Electricity and the Electric Light
Electricity and the Electric Light
Illuminating Possibilities. The possibility of creating artificial light with electricity was established as early as 1808, when the English chemist Sir Humphry Davy demonstrated that current from batteries can create light either by heating some substance until it glows or by causing an arc of electricity to jump over a gap between two conductors. Arc lighting uses a lot of current and i creates a brilliant light and it was limited to the outdoors or large interior spaces. The problem of lighting smaller spaces—which technicians of the nineteenth century called subdividing the light—was to find a lighting material that would not burn or melt when the current ran through it. Carbon and platinum seemed most promising but not ideal: the first does not melt, but it burns easily, while the second resists chemical changes at high temperatures (oxidation) but catches fire if the temperature becomes too high. All of the early lighting experiments were with low-resistance lamps, that is, lamps in which very little of the electrical energy passing through them is dissipated as heat. These lamps used a great deal of low-voltage current.

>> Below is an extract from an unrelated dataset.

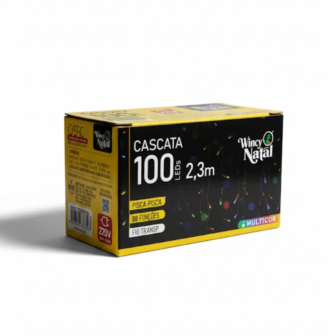 Este conjunto possui 100 lâmpadas de LED que brilham em diversas cores vibrantes (multicor), distribuídas em uma área de 2,3 metros de comprimento. O grande diferencial é o controle com 8 funções de pisca-pisca, permitindo que você escolha o ritmo perfeito para a sua celebração, desde um piscar dinâmico até a luz contínua. Feito com material resistente e de baixo consumo de energia, a Cascata Multicor da Wincy é fácil de instalar e garante uma iluminação colorida, segura e duradoura.

Edison’s Experiments. When Thomas Alva Edison (1847-1931) began his experiments at his laboratory in Menlo Park, New Jersey, in 1878, he realized that he could prevent the platinum filament from burning if he could put it in a glass bulb with all the air removed from it. At the same time he was trying to conceptualize an extensive system of lighting powered by generators. It occurred to him that a system of several hundred low-resistance lamps would require huge generators and large conducting wires in order to accommodate the current i required. But, he reasoned, high-resistance, high-voltage lamps would need much less current to produce the same amount of light. (According to Ohm’s law, L which Edison applied but did not completely understand, the electric current flowing through a given resistance is equal to the applied voltage divided by the resistance.) This new system could distribute current efficiently from a central station through reasonably sized lines.

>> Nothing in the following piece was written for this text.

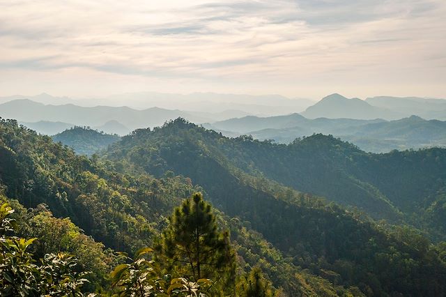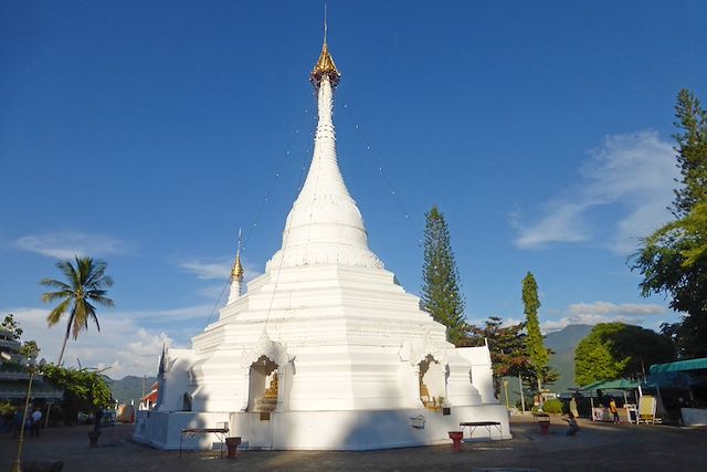 Départ en direction de l'une des provinces les plus montagneuses de Thaïlande, couverte de forêts denses, des vallées et de rivières. La région de Mae Hong Son sera notre terrain de randonnées pour les trois prochains jours. Réputée pour ses paysages verdoyants, la province est peuplée de plusieurs minorités ethniques dont les Karen, les Shan, les Hmong et les Lahu, qui conservent encore certaines coutumes traditionnelles et marquent la région de nombreuses influences et d'un mélange de cultures. Arrivés à Mae Hong Son, nous pourrons visiter le temple Wat Phra That Doi Kong Mu, qui se dresse au sommet d'une colline, visible de n'importe quel point de la bourgade.

The Invention of the Light Bulb. Having solved the conceptual problem, Edison next had to find a material for a light-bulb filament that would glow for a long time without burning up. Finally, on the night of 22 October 1879, his famous bulb number 9, with a carbon filament,
stayed lit for almost fifteen hours. The following week he patented a bulb with a carbon filament. He then applied this technology by illuminating the town of Menlo Park, causing such a sensation that special trains ran from New York City so that people could view the spectacle at night.

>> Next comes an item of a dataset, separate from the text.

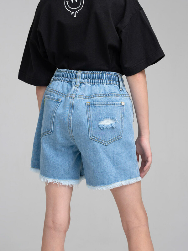 Джинсовые шорты для девочки подростка. Шорты свободного силуэта на резинке со шнурком. Функциональные карманы. Трендовые элементы потертости и дыры. Неподшитый низ.

From Bulb to System. Having made his earlier experiments with electricity from batteries, Edison next had to develop a dynamo, or generator, to produce a steady current capable of sustaining a large, integrated electrical system. The Menlo Park system ran on a series of small generators. At the Paris Electrical Exposition in 1881 he exhibited a large steam-run dynamo, causing great excitement. The following year he unveiled a small generator-driven electrical plant at the famous Crystal Park Exhibition in London. In December 1880 the Brush Electric Light Company began operation in New York City, illuminating Broadway with arc lights, thus creating the “Great White Way” of theatrical legend. Although it was not in direct competition with Edison, the beginning of the Brush electric service impelled Edison to push even harder to complete an underground electric-wire system for a generating station with a machine works and a lamp works in the Pearl Street district of lower Manhattan. Almost a year passed before the underground wire system was complete. Meanwhile he established free-standing “isolated” systems, mainly for factories, which allowed him to test most of his components. Finally, on 4 September 1882, the Pearl Street electrical station came on line, beginning a new era of urban life.
Source
Robert Friedel and Paul Israel, Edison’s Electric Light: Biography of an Invention (New Brunswick, N.J. : Rutgers University Press, 1987).